Source data:

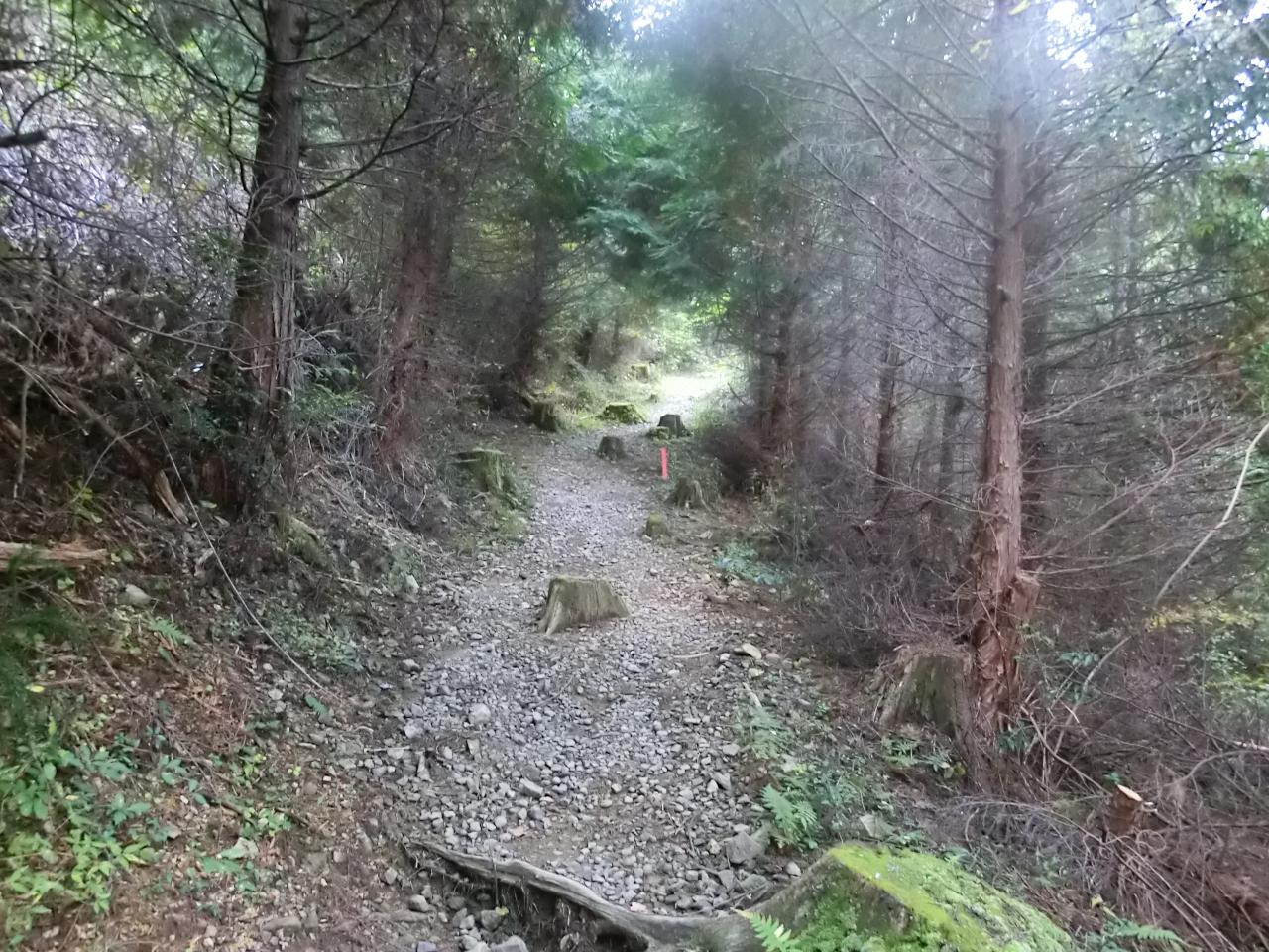 道幅狭く湿っていますが、ほぼフラットで石とか木の根とかがないのでこの辺りは歩きやすかったです。
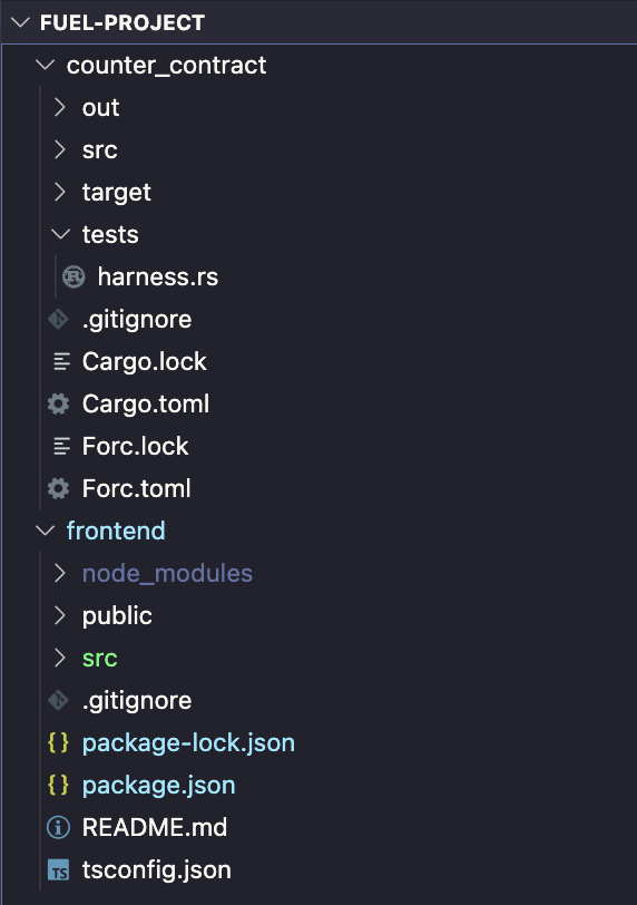 Success! Created frontend at Fuel/fuel-project/frontendYou should now have your outer folder, fuel-project, with two folders inside: counter-contract and frontend
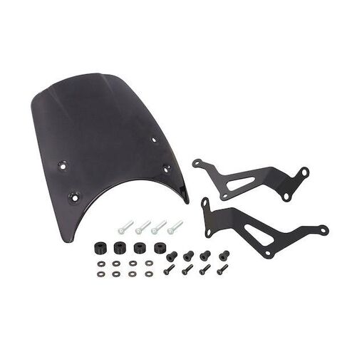 フロント周りを引き締めるポリカーボネイト製の小型バイザー。※バイザー本体の材質特性、また製造工程上で多少のキズ、汚れ等があります。予めご了承の上、お買い求めください。
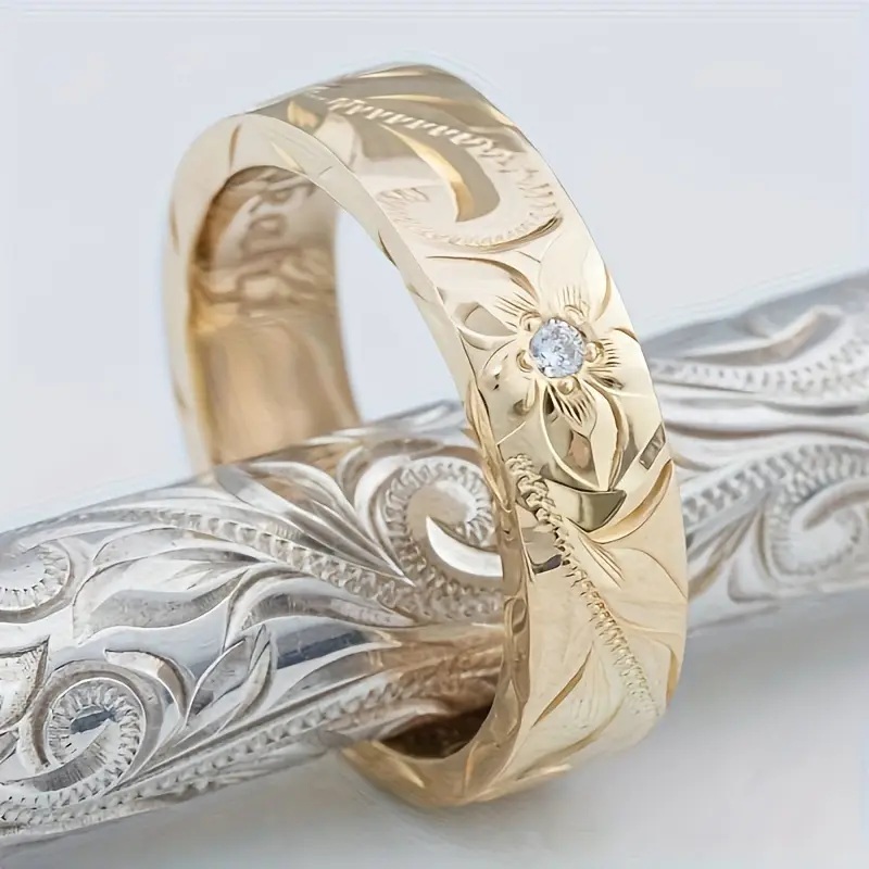 - プルメリアとスクロールの彫刻施されたリングハワジュ男女兼用4月の誕生石ジルコニアジュエリーアクセサリーついてお洒落幸福にという意味
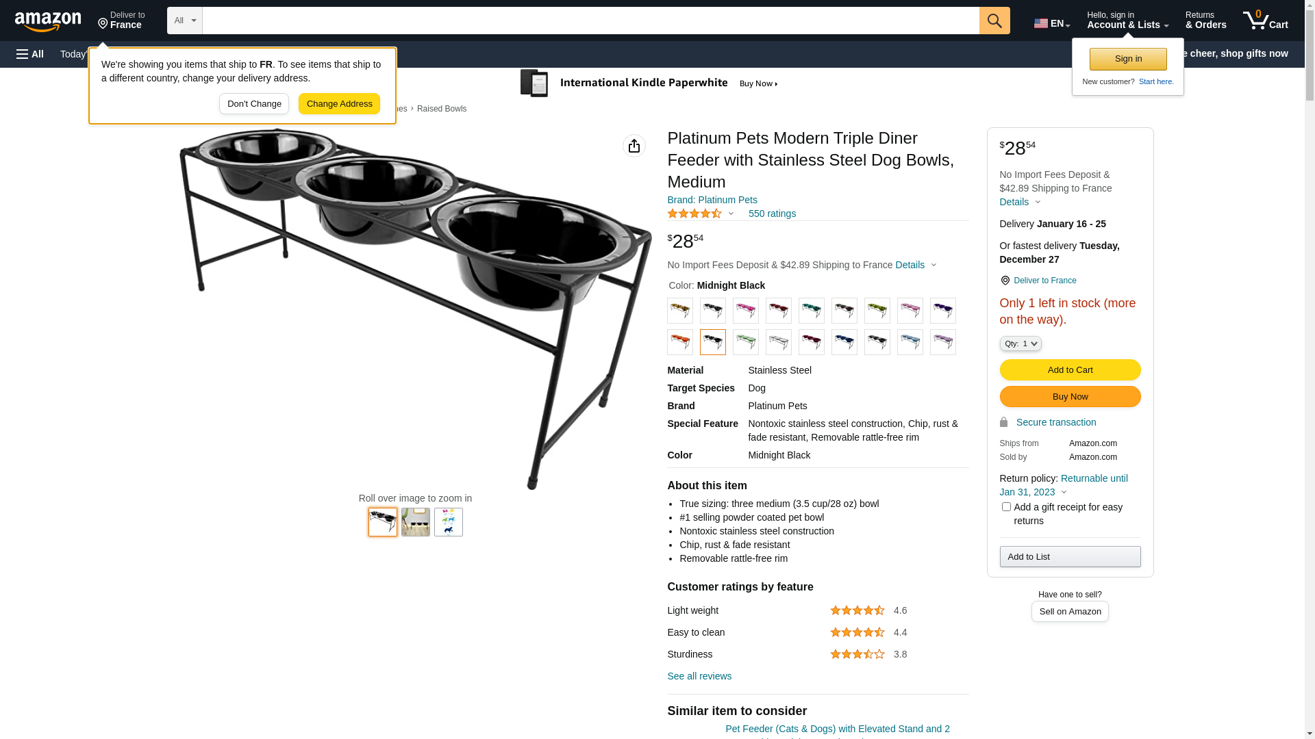 Platinum Pets Triple Diner Feeder with Stainless Steel Dog Bowls, 3.5 cup/28 oz, Midnight Black
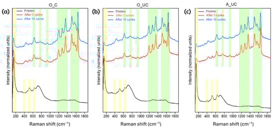 Immediately after the very first cycle (see above for details), the main spectroscopic features of TiO2 were significantly reduced in intensity, while new intense peaks appeared at 1195 cm−1, 1280 cm−1, 1355 cm−1, 1500 cm−1, and 1640 cm−1,, and other less intense at 630 cm−1, 760 cm−1, and 930 cm−1, all corresponding to the presence of Rh-B, as also reported in the literature [28,29]. By increasing the number of cycles by a factor of 10, the Raman spectra results were unaffected even though some samples (O_C_10) were washed after being used in the photocatalytic water treatment. We only observed an insignificant change in the spectrum background. This confirms that the washing procedure adopted between one photocatalysis cycle and the other was pointless and did not allow the residuals of Rh-B to be cleaned from the sample.
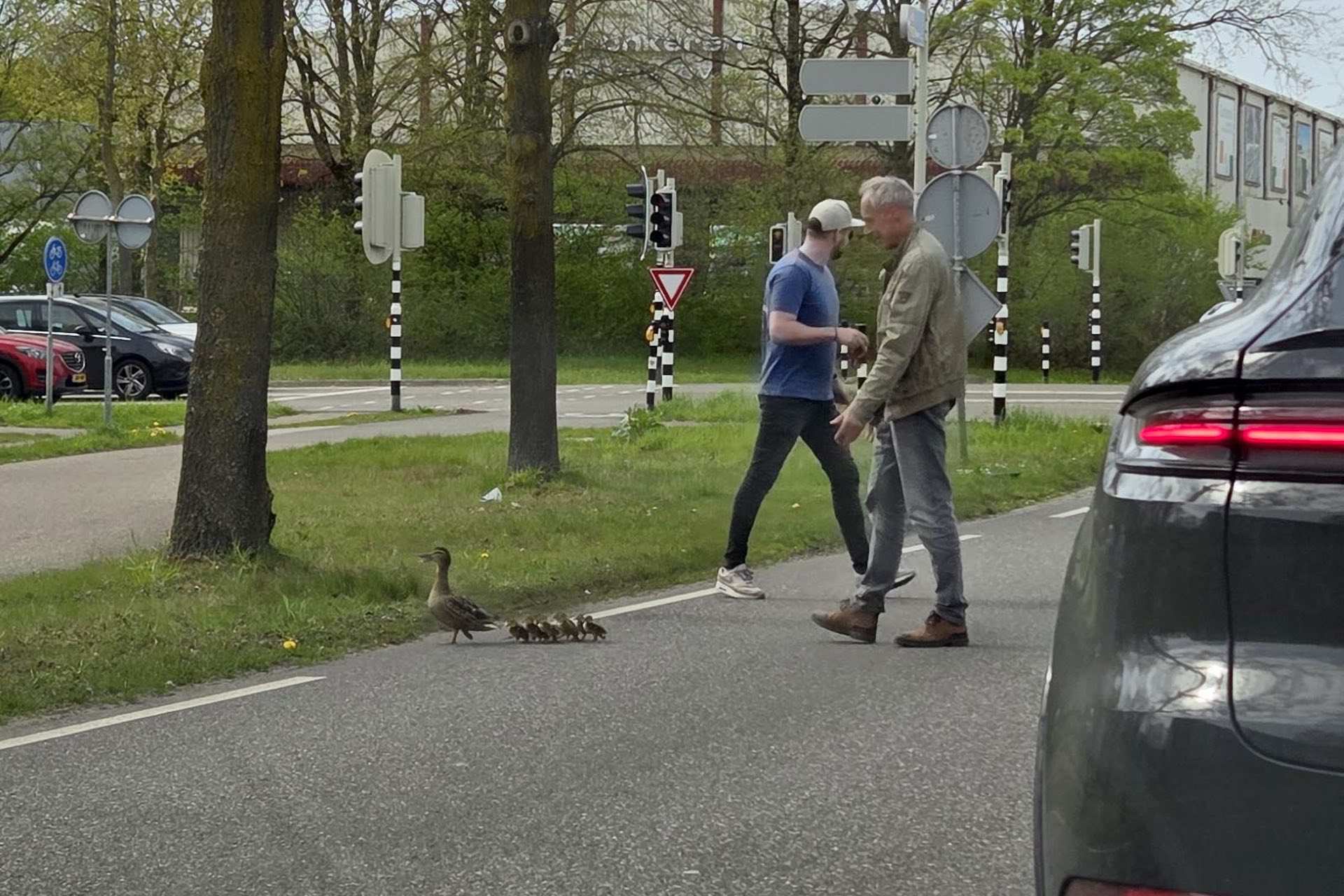 Toch kwam er hulp uit onverwachte hoek. Twee mannen besloten in te grijpen en hielpen de eendjes veilig naar de overkant. Dankzij hun inzet bereikte het hele gezelschap uiteindelijk ongedeerd de overzijde van de weg.
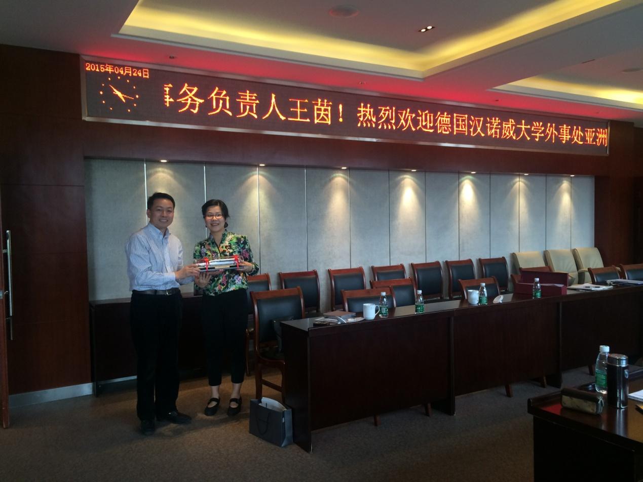 朱庆经理对王茵到访公司表示热烈欢迎。双方就选派交换生、双学位以及两校教师间的交流与科研合作等详细交换了意见。国际处许军华老师表达了学校对此次与德国汉诺威大学进行校际间合作的期待,并介绍了学校目前开设的全英文课程以及学校对交换生等的相关支持政策,希望通过此次会面,尽快推动两校间全方位的合作。
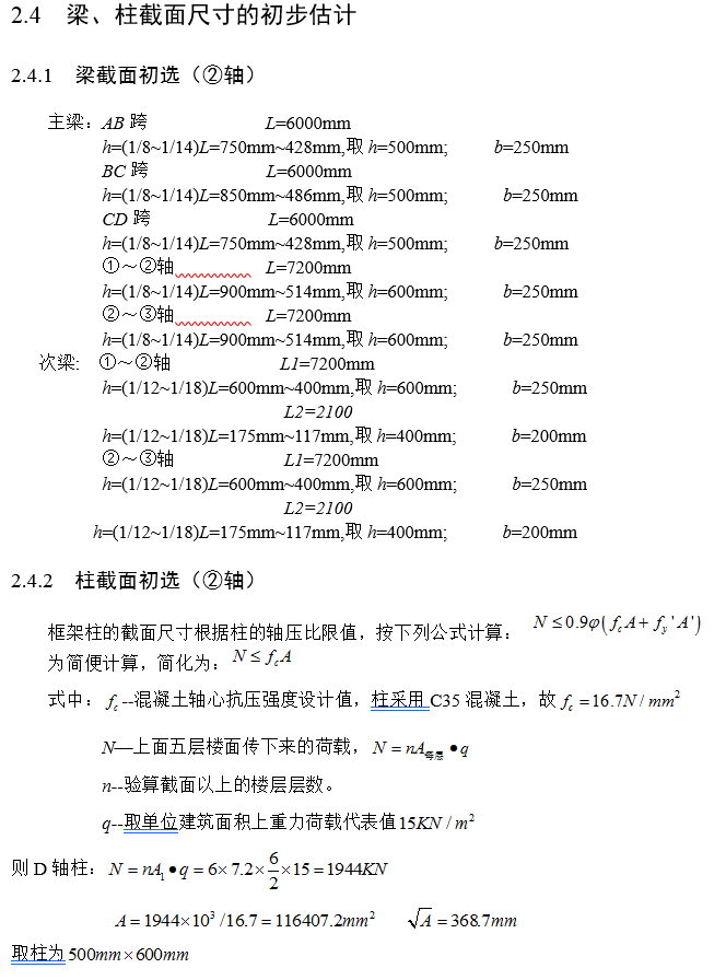2.4 梁、柱截面尺寸的初步估计 - 7 -
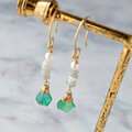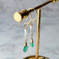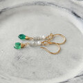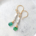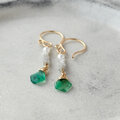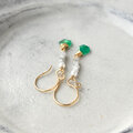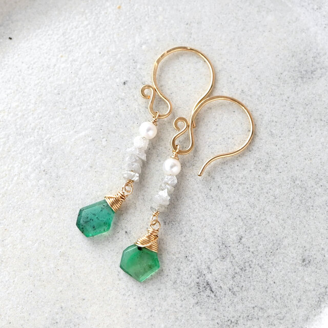 スライスカットエメラルドと原石ダイヤ&淡水パールのピアス・イヤリング変更可
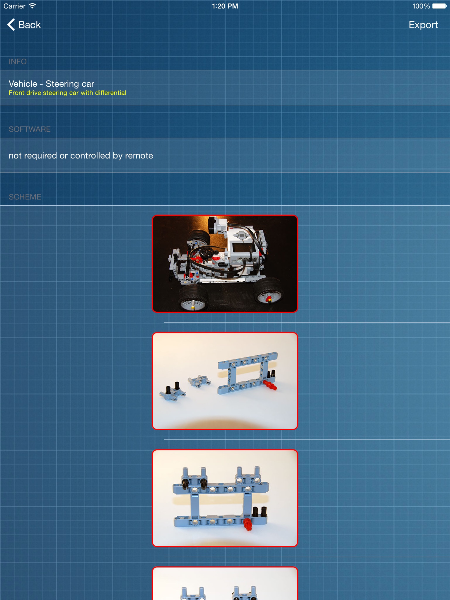 - The app also contains parts database for EV3 and NXT
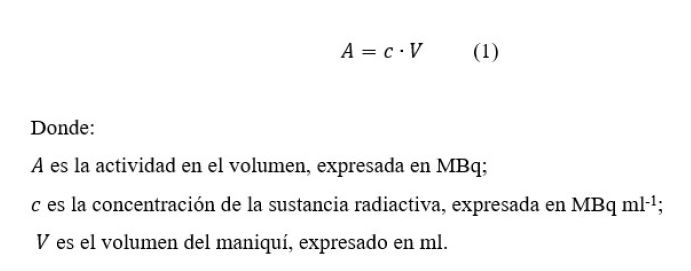 Se utilizó una fuente radiactiva de 131 𝐼 , y una concentración inicial de 0,123 MBq ml-1 y una actividad de 1,09× 10 6 MBq, determinada por la relación:
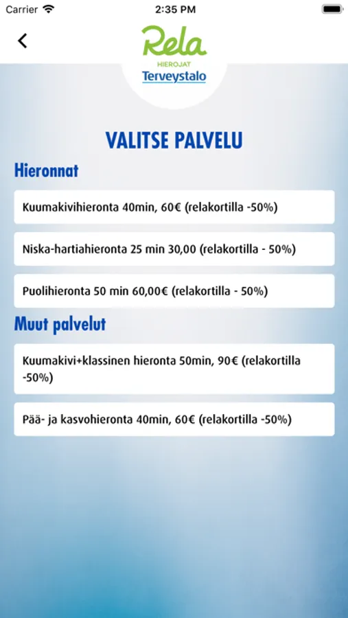 Rela-hierojat on Suomen laajin hierontaan keskittynyt ketju ja alansa markkinajohtaja. Toimintamme kulmakivi on kanta-asiakkuus, jolla saat kaikki hieronnat puoleen hintaan! Tämä sovellus tuo sekä kanta-asiakkuuden että muita olennaisia toimintoja suoraan puhelimeesi.
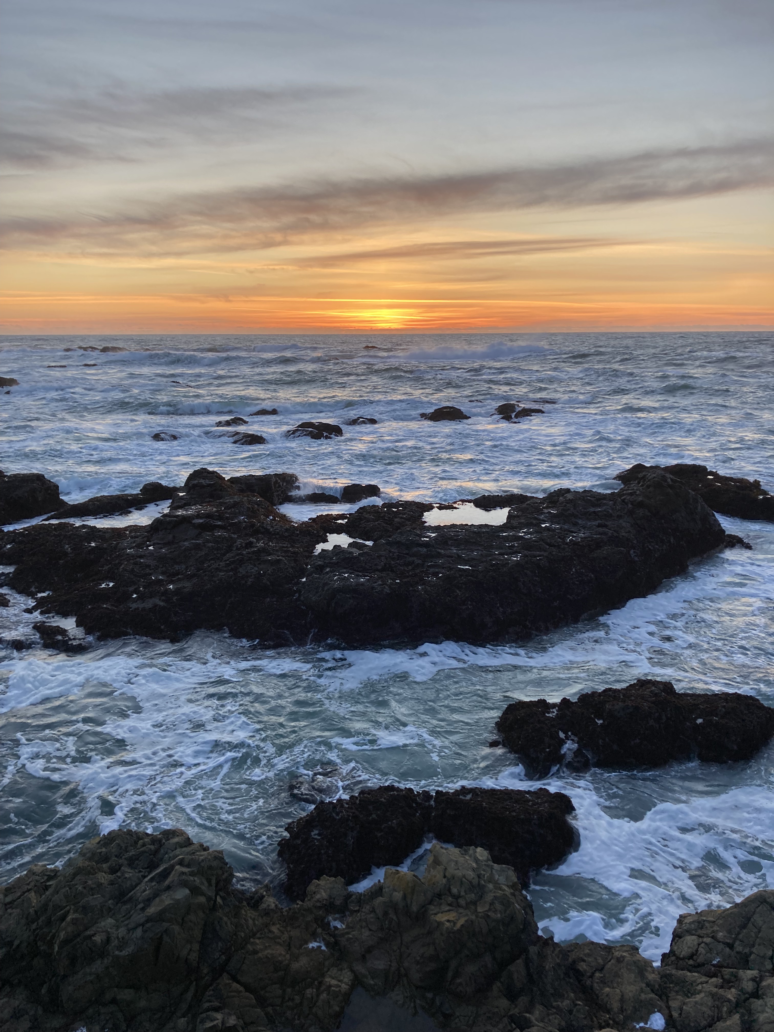 I ended this day by watching the sunset at San Simeon Pier/ William Randolph Hearst Memorial Beach. There was a wooden pier that I walked out on, watching the waves roll in from the unique vantage point of above. Watching waves roll never got old for me. Just like watching the sun set over the Pacific ocean never got old.
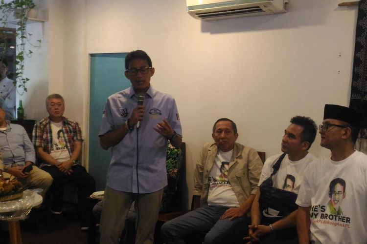 “Ini bukan acara tandingan. Ini acara di mana aku diberi masukan oleh alumni Pangudi Luhur (PL) yg menjadi pakar-pakar menjelang debat kedua dan debat ketiga pilpres. Jangan kami tanding-tandingkan dan mencemooh pasangan calon lain,” ujar Sandiaga di sebuah kedai di kawasan Jakarta Selatan, Rabu (13/2/2019).
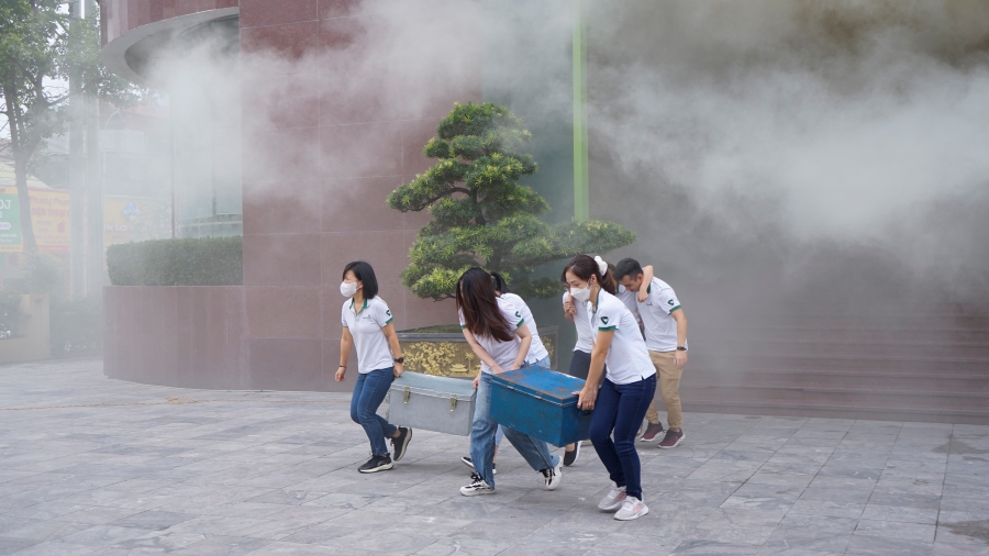 Cán bộ Vietcombank Móng Cái thực hành diễn tập PCCC

→ Work order: Beginning at the line with "Selatan, Rabu (13/2/2019).", reproduce word for word each line through the last line of the records. Include both ends but no pictures.

→ Task response:
 “Ini bukan acara tandingan. Ini acara di mana aku diberi masukan oleh alumni Pangudi Luhur (PL) yg menjadi pakar-pakar menjelang debat kedua dan debat ketiga pilpres. Jangan kami tanding-tandingkan dan mencemooh pasangan calon lain,” ujar Sandiaga di sebuah kedai di kawasan Jakarta Selatan, Rabu (13/2/2019).
 Cán bộ Vietcombank Móng Cái thực hành diễn tập PCCC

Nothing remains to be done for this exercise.